Наконец, важным моментом явилось то, что на большей части Российской империи вплоть до 1860-х годов существовало крепостное право. Владельцы крепостных (включая семью Романовых и Российское государство как таковое) занимались сельским хозяйством больше, чем промышленностью, и именно они ставили препоны образовательным инициативам, развитию гражданского общества и росту городов. Масштаб крестьянских волнений заставил их опасаться массовых движений и сопротивляться тенденции к гомогенизации общества, которая наметилась в зарождающихся национальных государствах Западной Европы. В результате важнейшие фундаментальные общественные движители национализма – начальное образование, средства массовой информации, промышленная экономика и всеобщая воинская повинность – начали развиваться в Российской империи только после отмены крепостного права. Одновременно с этим решение имперского государства предотвратить становление выборной местной власти и реформирование судебной системы на окраинных землях создало между «центром» и «периферией» империи существенные различия, гораздо менее ощутимые прежде[10]. Все это определяло медленное развитие антиимперских тенденций. Политизировать религиозные сообщества было трудно, сообщества, организованные по языковому принципу, разделяло пространство – физическое и социальное, а государство сознательно препятствовало работе механизмов мобилизации масс. В 1860 году было невозможно представить себе успешное движение за независимость латышей, эстонцев, литовцев или украинцев. Только поляки (в то время главным образом поляки Царства Польского, лишившегося литовского, белорусского и украинского населения бывшей Речи Посполитой) были способны на националистическое восстание и вновь и вновь эту способность демонстрировали, причем не только в сражениях, сопровождавших разделы Польши, но также в массовых восстаниях в 1830-1831 и в 1863 годах. Оба восстания испытали воздействие фактора, в конечном итоге определявшего неуспех движения за независимость, – мощи русской армии.
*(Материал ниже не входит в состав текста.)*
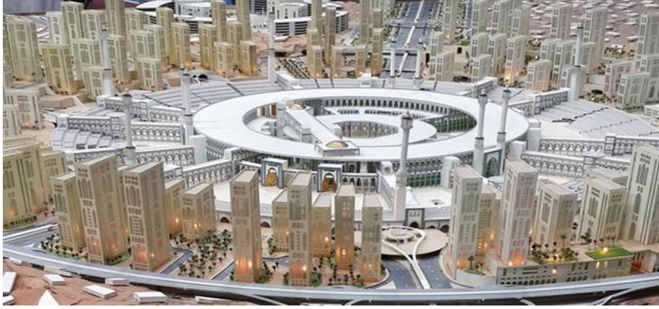
Fotoğraf 4. Suudi Arabistan’ın 2035 yılına kadar gerçekleştirmek maksadıyla hazırladığı Mekke Projesi 83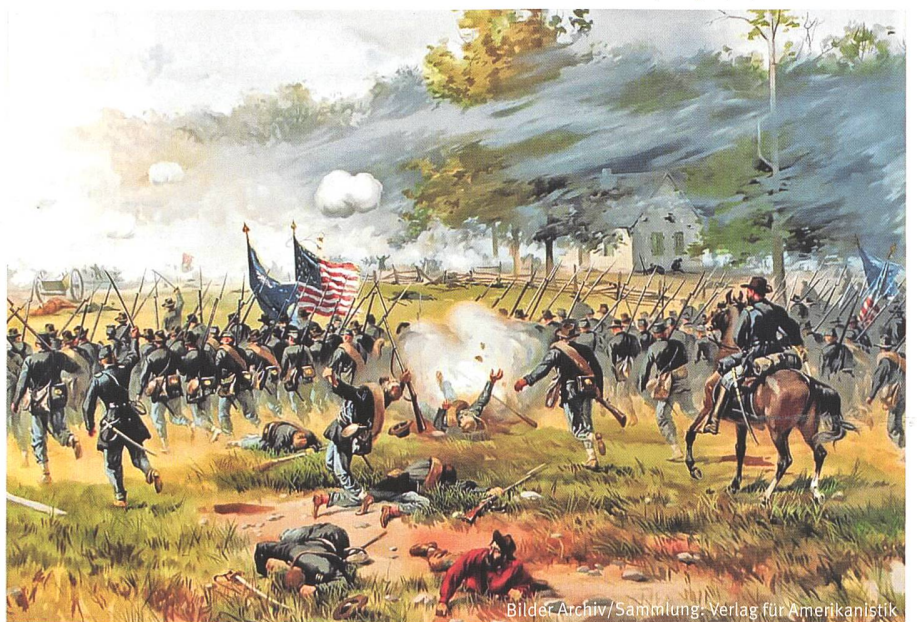
Schlacht bei Mill Springs (KY).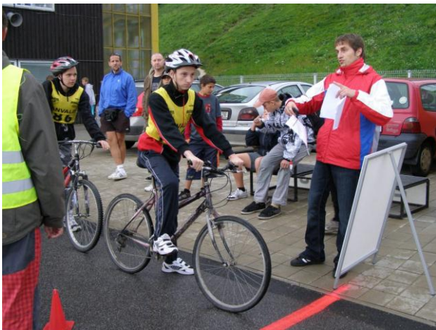
Cyklistika – Račice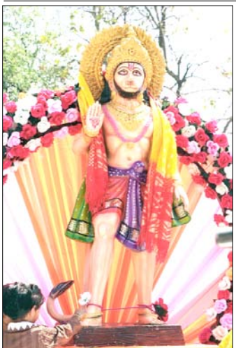
आकर्षण का केन्द्र रही झांकी।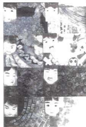
美術協会長賞 「思い出は」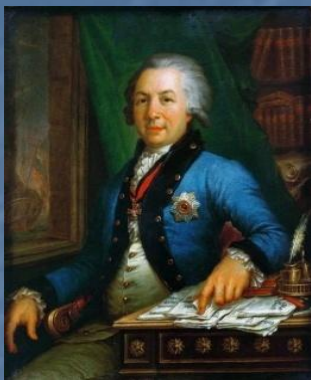
Г. Р. Державин

О городе Оренбурге упоминается в повести А.С.Пушкина «Капитанская дочка». Основное действие в повести происходит в Белогорской крепости, которая располагалась в Оренбургской губернии.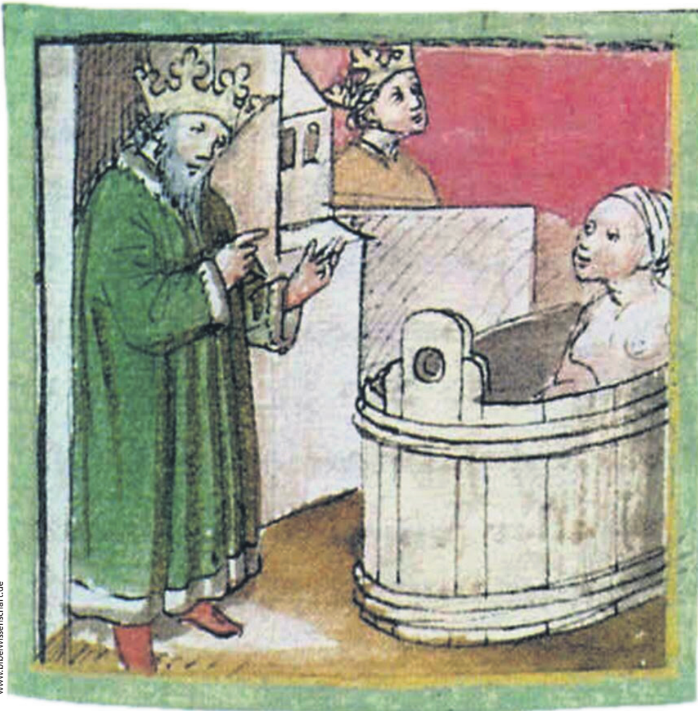
David sieht Batseba baden. Illustration aus dem Codex Germanicus 206, 1457.

Eine Frau, die sich vom Opfer zur die Geschichte bestimmenden Figur entwickelt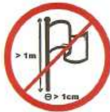
Κοντάρια με σημαίες μέγιστου μήκους 1μ. & 1εκ. διαμέτρου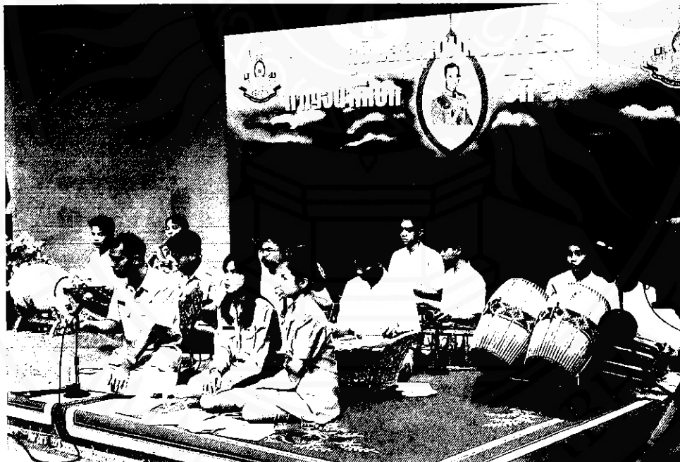
สร้างสี่ตันบรรยาภาค ด้วยนักร้อง-นักดนตรี วง วิทยาลัยนาฏศิลป์นครศรี ธรรมราช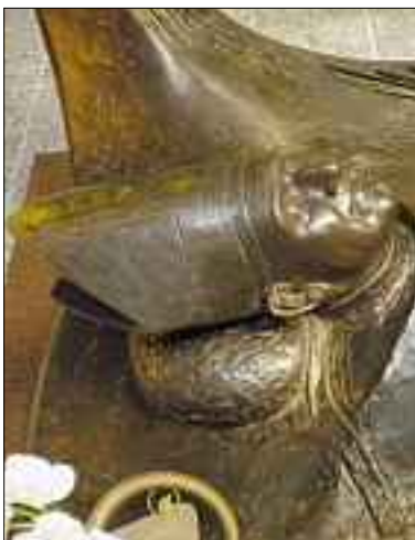
Am Grab von Erzbischof Oscar Romero.

Weitere Informationen im Internet unter: www.romerohaus.ch/romerotage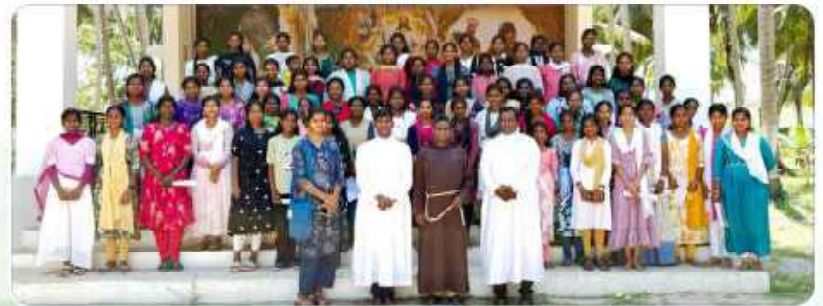
Carrer Guideline Program at Vichoor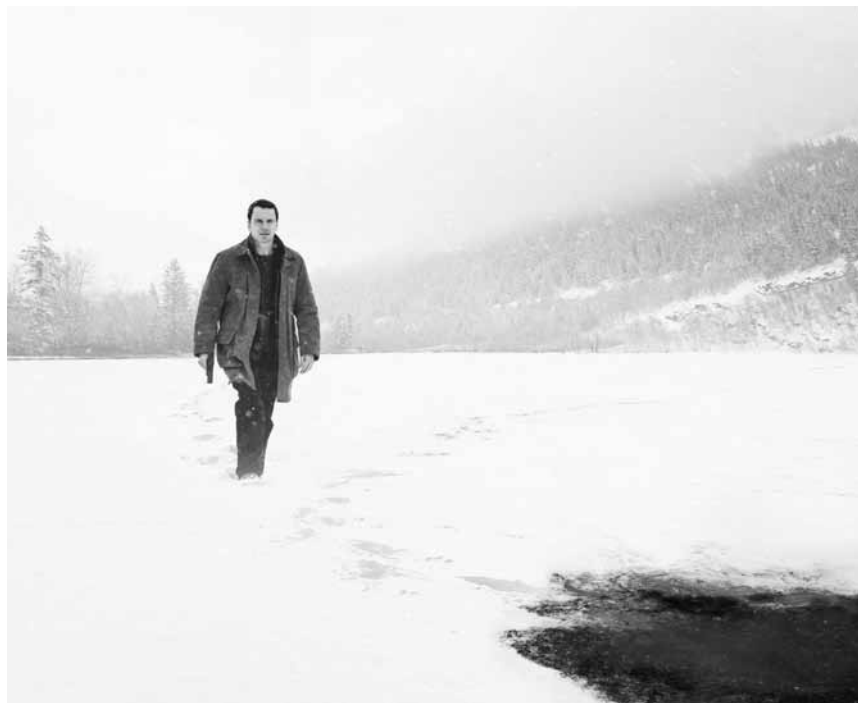
Eiskalter Thriller direkt aus der Hölle: „The Snowman“ - neu in (fast) allen Sälen.

d'Schülerstreiken ... an d'Kierch (matzen) am Duerf.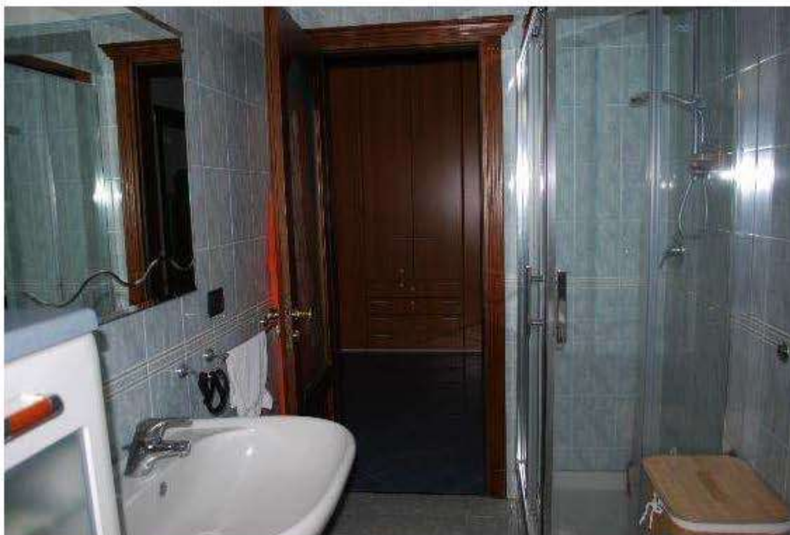
Foto n. 39 - LOTTO 1 - P1 - wc1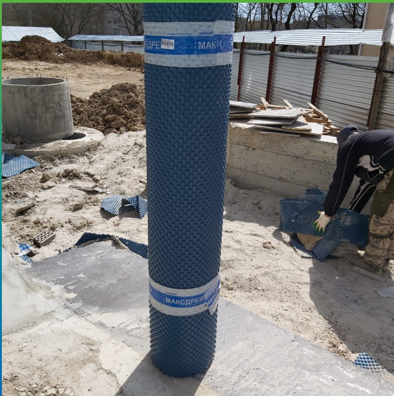
Профилированная дренажная мембрана Максдрейн 8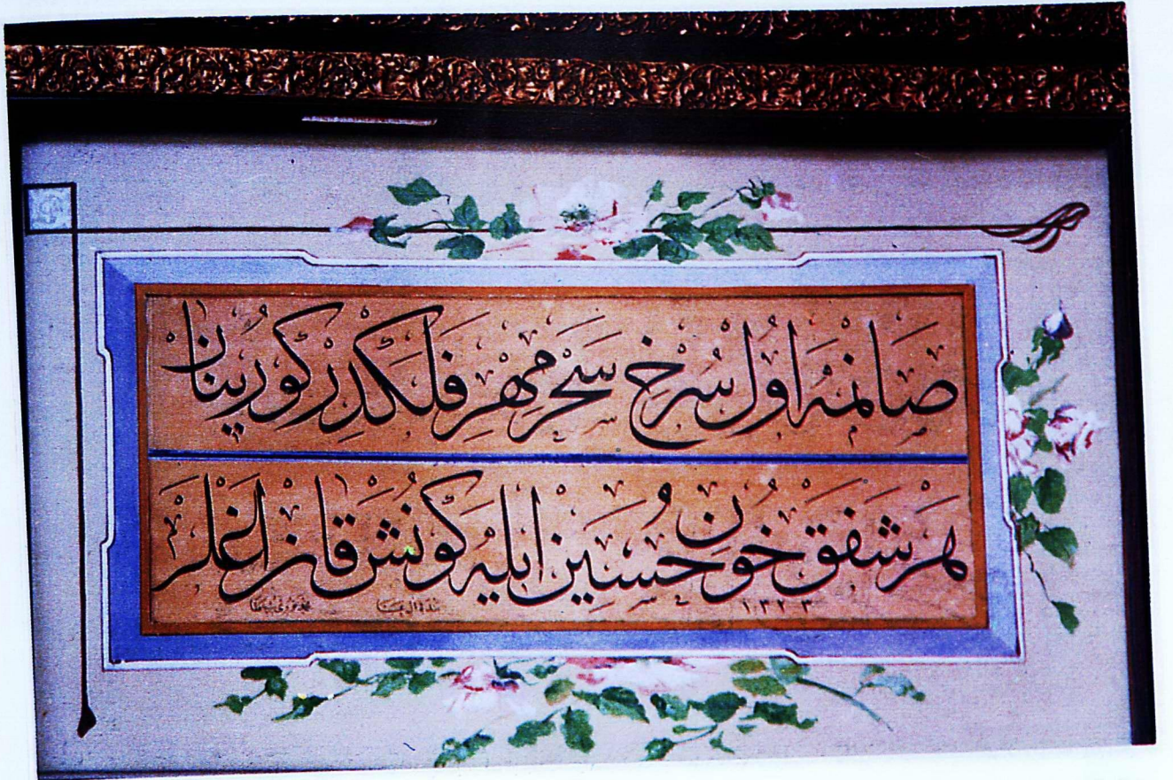
16. Mevlâna Müzesi'nden 232 envanter numaralı eser.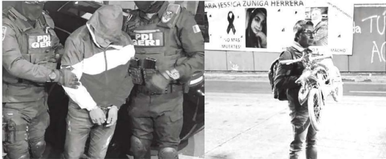
Mala actuación del Ministerio Público permitió su libertad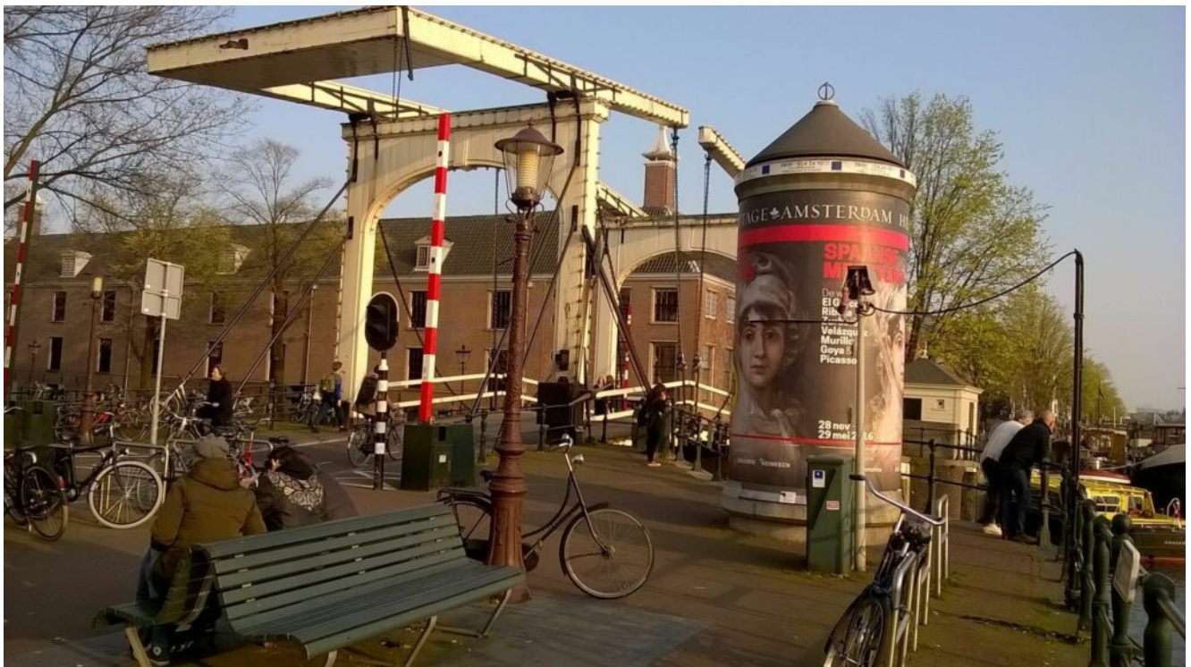
Magere Brug Amsterdam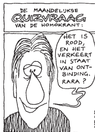
Tekening uit De Homokrant, november 1981, p. 8, naar aanleiding van de ontbinding van de Rooie Vlinder

het Fonds Suzan Daniel heeft een vormingsprogramma uitgewerkt rond de allereerste Belgische TV-programma's die homofilie als onderwerp hadden: contacteer ons voor bijkomende inlichtingen en/of reservaties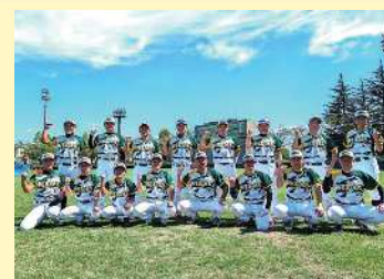
▲ 全日本実年ソフトボール大会に出場された皆さん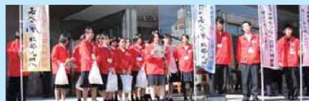
11月3日長崎市内の商業施設玄関前でのPR活動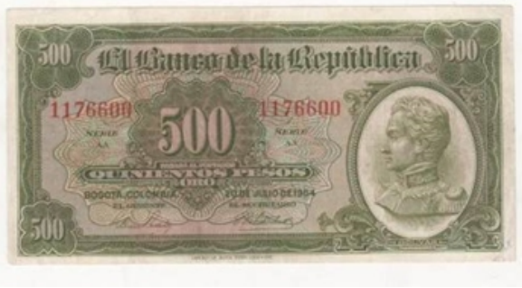
Billete original de 1964 con 7 dígitos – Serie AA

En 1964 el Gerente: E. Arias Robledo (1961 a 1970), cambió el número 6 de 1964 por un número 4.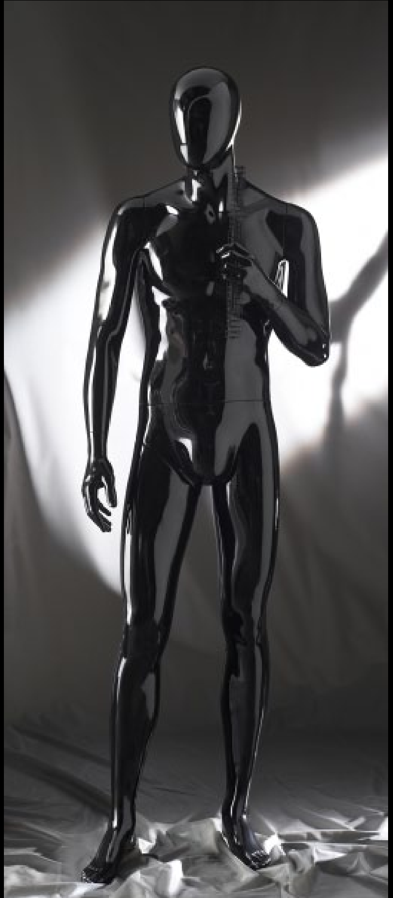
Body Col.: Glossy Black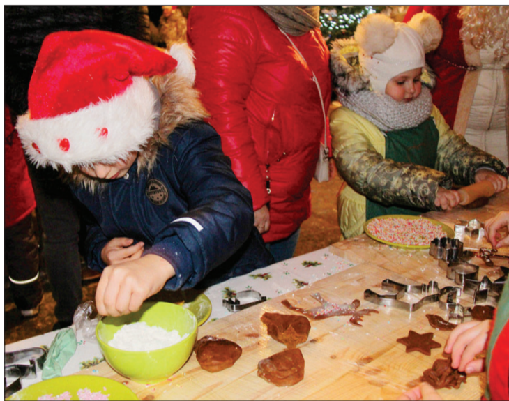
Rūķu darbnīcā darbojās arī paši mazākie, ķeroties pie piparkūku gatavošanas.

Īpašs paldies jāsaņem par kultūras darbinieku Ziemassvētku sveicieniem internetā. Ik dienu no 1. līdz 24. decembrim, atverot viņu veidoto Adventes kalendāru, varējām uz klausīt kādu Ziemassvētku vēlējumu. Jauki, ka kalendārs veidots ar izdomu.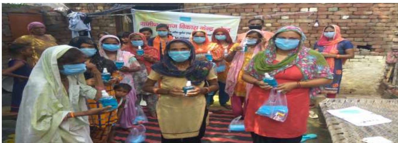
Distribution of Sanitizers, Mask, Soap and Sanitary Pads to women and adolscent girls during Covid period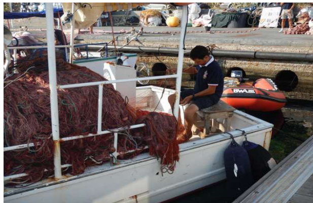
Lipari, i Marina Pignataro er der også en del fiskeri

begyndte at pille ved den, viste det sig at han kunne dreje ringen med flapperne uden at den inderste ring fulgte med!... gad vide om det er det der har været årsagen til at motoren i flere sæsoner ikke har ville trække kølevand igennem? Det bliver spændende at se.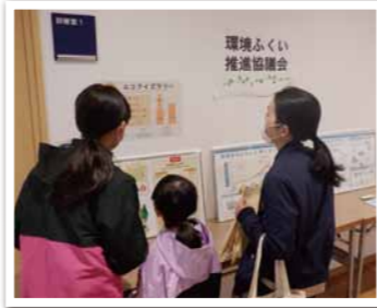
エコにまつわるクイズラリーも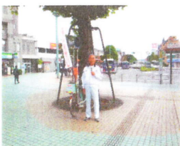
今も自転車で街頭での挨拶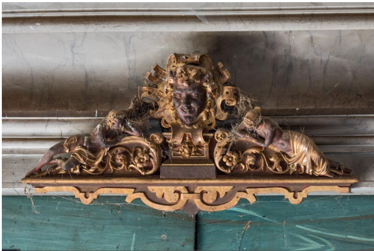
Masque (tête de satyre) et personnages, en haut du cadre de scène.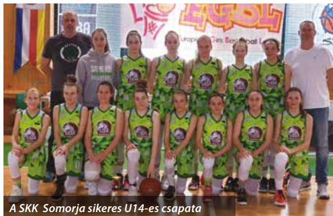
A SKK Somorja sikeres U14-es csapata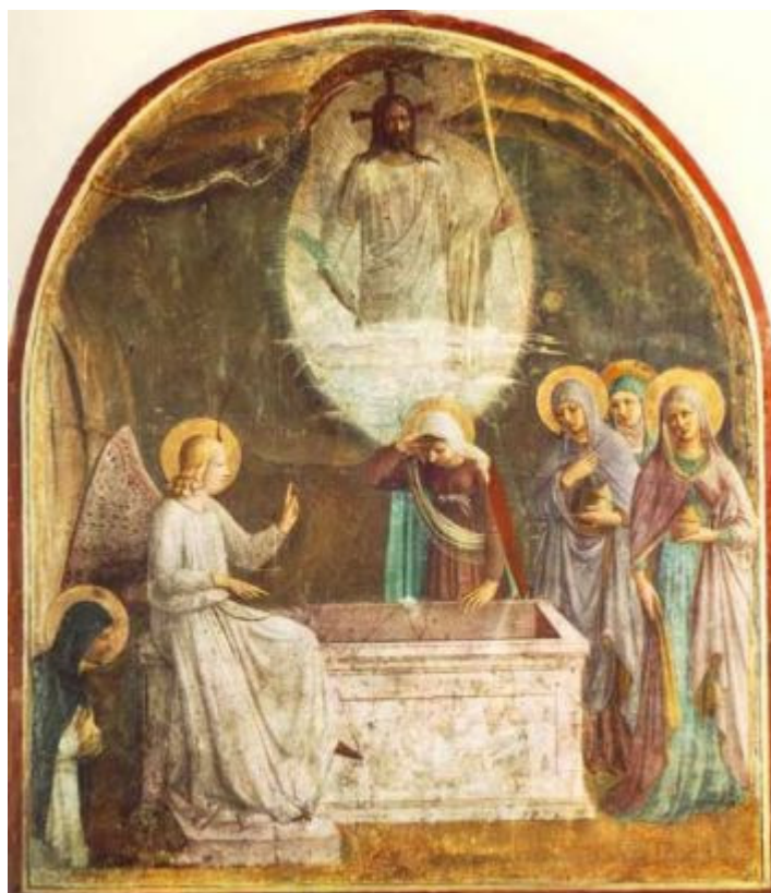
Fra Angélico: La Resurrección

V. Te adoramos, oh Cristo, y te bendecimos. R. Pues por tu santa cruz redimiste al mundo.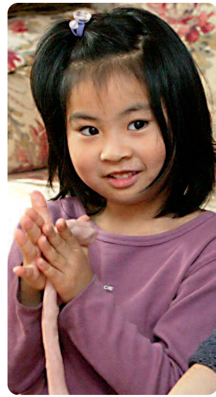
Großes Bild: Drachentanz in Chengdu. Kleines Bild rechts: Mädchen in Hongkong.

China mehr als 120 Kindergärten und neun Grundschulen, deren Zahl dieses Jahr auf bis zu 18 Schulen steigen soll. Obwohl viele Eltern zur Waldorfpädagogik erst über die Montessori Bildung kamen, hat sich Jahr für Jahr aus einer ersten Neugierde, ein wahres Verlangen nach Waldorfbildung entwickelt.

Таким образом, когда крепостное право было отменено, костер национализма стало почти нечем разжигать.

Эта ситуация начнет меняться только в пятидесятилетний промежуток между упразднением крепостничества и развязыванием Первой мировой войны. Во всех великих империях Восточной Европы в этот период наблюдался существенный рост промышленности. Уровень образования рос даже в самых отсталых областях Российской империи. Все страны ввели всеобщую воинскую повинность (Россия сделала это последней в 1874 году), и миллионы молодых крестьян очутились в благоприятствующей росту национализма среде, а политические деятели придавали все больше значения растущему «обществу», которое грозило расшириться и охватить весь «народ».

Поэтому националистические движения в довоенную эпоху ширились достаточно быстро. Украинский национализм впервые заявил о себе в западной Галиции, владениях Габсбургов, однако националистическая деятельность тонкой прослойки образованной элиты вскоре пересекла границы с Российской империей. Точно так же, разными путями и с разной скоростью, национальная идея развивалась в современных Беларуси, Литве, Латвии, Эстонии, Финляндии, Грузии и Армении. Чиновники Министерства внутренних дел также озабоченно наблюдали «чрезвычайный подъем религиозного и национально-культурного самосознания» мусульманского населения[11].

Национализм нарастал как среди колонизированных народов периферии, так и среди русских. Российское государство стало самой обширной империей в мире в основном благодаря высокой степени гибкости управления новыми территориями и народами. Начиная еще с XVI столетия строители империи проводили политику кооптации местных элит и делегирования значительной доли политической ответственности, отводя роль культурного авторитета «местным вождям». Эта стратегия прекрасно подходила консервативной династической империи и сопровождалась «неединообразным и непостоянным управлением», которое было необходимо, чтобы иметь дело с «множественными социальными установлениями в рамках единого государства» [Burbank and von Hagen 2007: 15]. Однако непостоянное управление не означало его слабости. Напротив, методы, использованные, чтобы привязать этих посредников империи к самодержцу, были на удивление эффективны [Burbank and Cooper 2010: 193]. Во второй половине XIX века, однако, эти традиционные основы правления сотрясались в равной степени извне и изнутри. Среди элиты Российской империи в XIX веке усиливались националистические настроения, и с каждым прошедшим годом все громче становились призывы к тому, чтобы империя открыто провозгласила свою русскую природу, создала «Россию для русских» и «двинулась в сторону единства как нового государственного принципа» [Burbank and von Hagen 2007: 17].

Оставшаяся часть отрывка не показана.